WASHINGTON — The U.S. economy grew at a strong 4.2% annual rate in the April-June quarter, the best showing in nearly four years, as growth stayed on track to produce its strongest gain in more than a decade. Strength in business investment offset slightly slower consumer spending.

The Commerce Department on Aug. 29 revised up its estimate of growth for last quarter from an initial estimate of a 4.1% annual rate. The second quarter marked a sharp improvement from a 2.2% gain in the January-March period, though some of the strength last quarter came from temporary factors, including a surge in U.S exports before tariffs were to take effect.

Economists expect growth to slow to a still solid 3% annual rate the rest of the year, resulting in full-year growth of 3% for 2018, which would be the best performance since 2005, two years before the Great Recession began.
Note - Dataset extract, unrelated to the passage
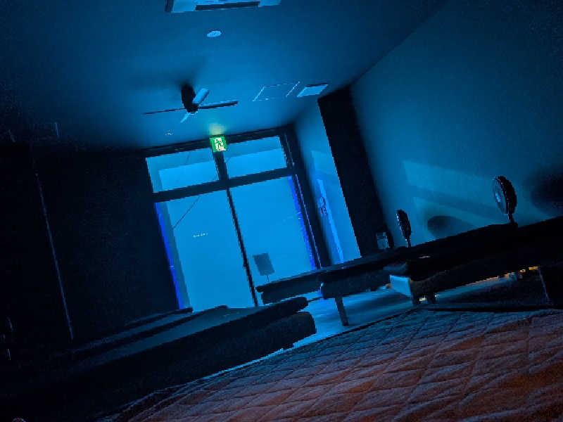【深海ルーム】ムアツマットのベッドx6やウォーターベッドx2が設置されエアコンも効いた究極のサウナ休憩スペース。どこまでも深いリラックスに沈んでいく体験ができる。

The 4.2% annual growth that the government estimated for last quarter is the strongest figure since a 4.3% annual gain in the third quarter of 2014. The expectation of 3 % growth for the entire year would be up from gains of 1.6% in 2016 and 2.2% last year.



Since the recovery began in mid-2009, growth has been subpar, with annual gains averaging just 2.2%, making this the weakest recovery in the post-war period.

President Donald Trump often pointed to that fact during the 2016 presidential campaign to attack the economic record of the Obama administration He has touted the recent pickup in GDP as evidence that his economic program of tax cuts, deregulation and tougher enforcement of trade agreements is working. Last month, Trump proclaimed that the GDP figure showed that the United States was now the “economy envy of the world.”

While forecasting solid growth around 3% this year, economists contend that this performance is being pumped up by the $1.5 trillion tax cut Trump pushed through Congress last year along with increased government spending. Most analysts say they think those factors will begin to fade starting next year and that by 2020, growth may even slow enough to edge the economy close to a possible recession.

The Trump administration rejects that outlook, arguing that its policies will unleash an economic boom that will produce annual growth of 3% or better over the next decade.

Treasury Secretary Steven Mnuchin, in a CNBC interview on Aug. 28, pointed to the solid GDP performance in the spring as evidence that the administration is fulfilling Trump’s campaign promises regarding the economy.

“We are delivering on what was the president’s economic agenda about creating growth,” Mnuchin said.

The GDP report Aug. 29 showed that consumer spending, which accounts for about 70% of economic activity, expanded at a strong annual rate of 3.8% in the second quarter, down slightly from an initial estimate of 4% growth in consumer spending. But that downward revision was outweighed by other factors including stronger business investment, which grew at a 6.2% rate, driven by spending on such items as computer software.

Other sources of strength were less growth in imports, which subtract from GDP, and faster growth in government spending at the federal and state and local levels.